College Council Decides to Improve Advising


Faculty met in McMahon 109 for the third College Council meeting. (Charlie Puente/The Observer)


Fordham College at Lincoln Center (FCLC) held its third College Council Board meeting of the semester on Dec. 1. FCLC’s dean, the Rev. Father Robert R. Grimes, S.J., led the meeting and said that  one of its main areas of focus was to improve student experiences when meeting with their advisors during general advising sessions.

Faculty met in McMahon 109 for the third College Council meeting. (Charlie Puente/The Observer)

According to Grimes, this was a request from FCLC’s United Student Government (USG). Problems occurred when students complained to USG and gave statements on how the faculty provided incorrect information during advising sessions. Grimes said that if this is not fixed, it could pose a serious threat to current and incoming students who are trying to graduate.

“I do think academic advising is very important, especially in research,” Grimes said. “I’d like to contact each department when assigning advisers, so that we get a sense of what’s going on.”

While it is certain that there is an advising dilemma at FCLC, some professors like Andrew Foster, a classics professor and freshmen adviser, said that he believes now is the time for students to do more research on their part when seeking academic guidance.

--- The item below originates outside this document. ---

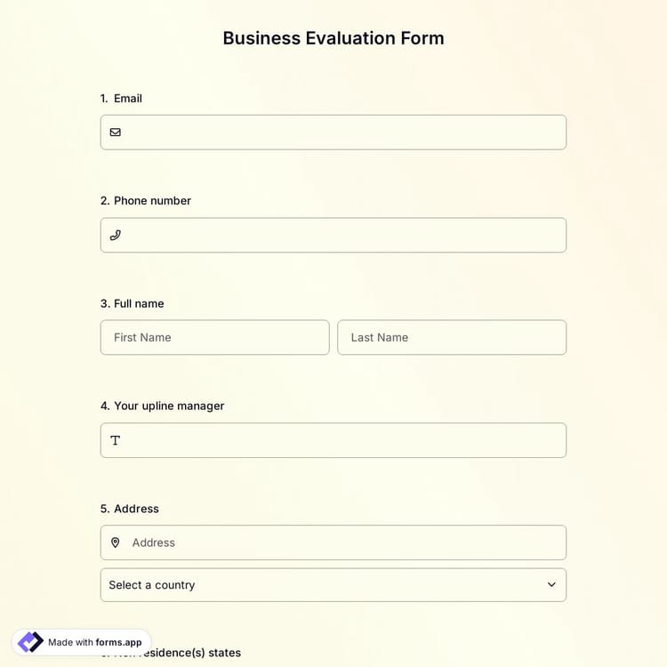 This form template is ideal for collecting information about your brand from your customers or employees. Use forms.app's business evaluation form template to find out what people think about your business. You can customize it to your needs and it's completely free.

“At some point, students need to take ownership for their own studies,” Foster said. “Part of becoming an adult is taking responsibility for your own education and to stop expecting me to do everything for you.”

Foster said that he encourages students to see the bond between them and their professors as a partnership.” “Students need to come better prepared,” Foster said. “If you come in with a blank slate knowing nothing, then we’ll have to start from there.”

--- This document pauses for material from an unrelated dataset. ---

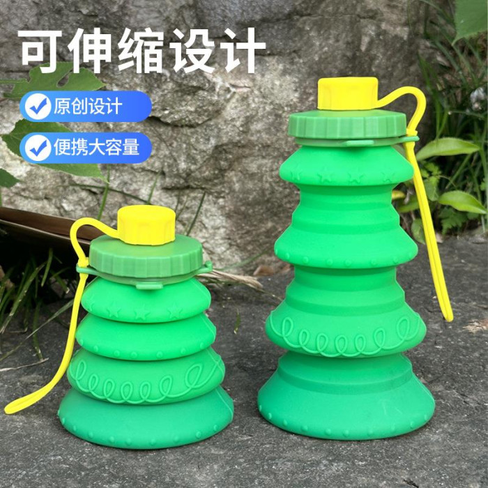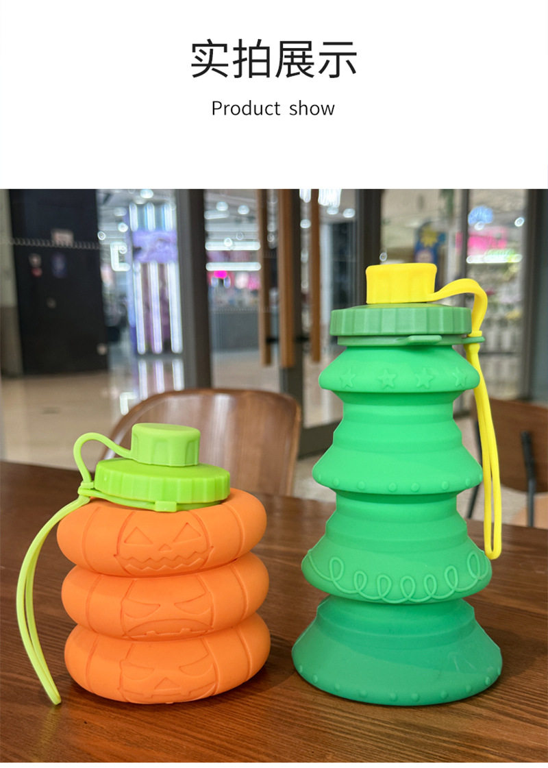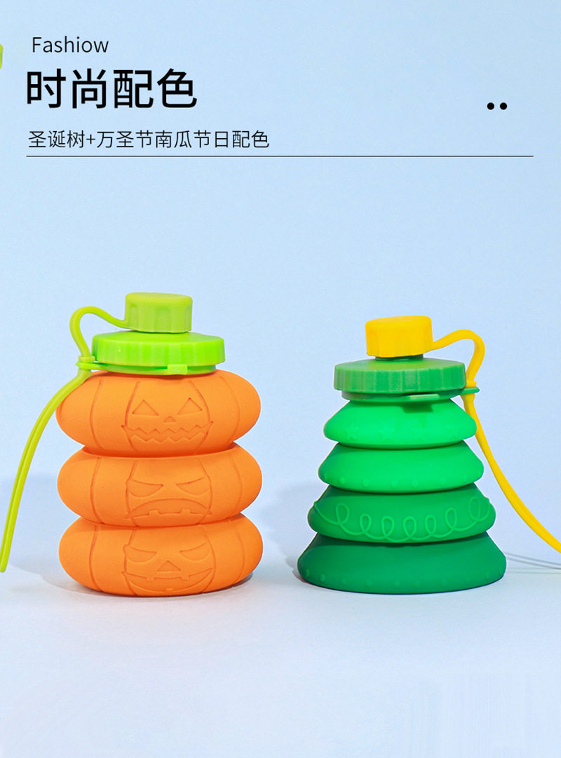 創意新款食品級矽膠折曡水壺便捷戶外運動水杯南瓜聖誕樹造型水壺

Despite some negative feedback, one student agreed. Rebecca Nicoletti, FCLC ’13, and member of USG, said that this is something that needs to be worked on. “I just love the idea of advisers explaining to students that they don’t know everything, because the freshmen coming in won’t expect that,” Nicoletti said. “I’d like it if it’s more visible that the advisers aren’t the only ones there.”

In regards to advising within the major, several professors believe the task has been made even easier with the help of DegreeWorks. DegreeWorks is a scholastic program online founded to aid students in understanding the requirements for their respective major. DegreeWorks comes outfitted with various devices to track a person’s academic progress. Most, if not all advisers at FCLC integrate it when talking with students. “I think DegreeWorks is amazing,” Foster said. “I can just pull up your profile like that and work my way up.”

Leonard Nissim, a mathematics professor, also found DegreeWorks to be very helpful, especially its ‘What If’ function.

Although professors are impressed with the program’s effectiveness, students on the other hand are frustrated with DegreeWorks and think it is prone to complications. Chris Chromey, FCLC’ 12, said, “DegreeWorks is a fantastic tool, but it has its limits.”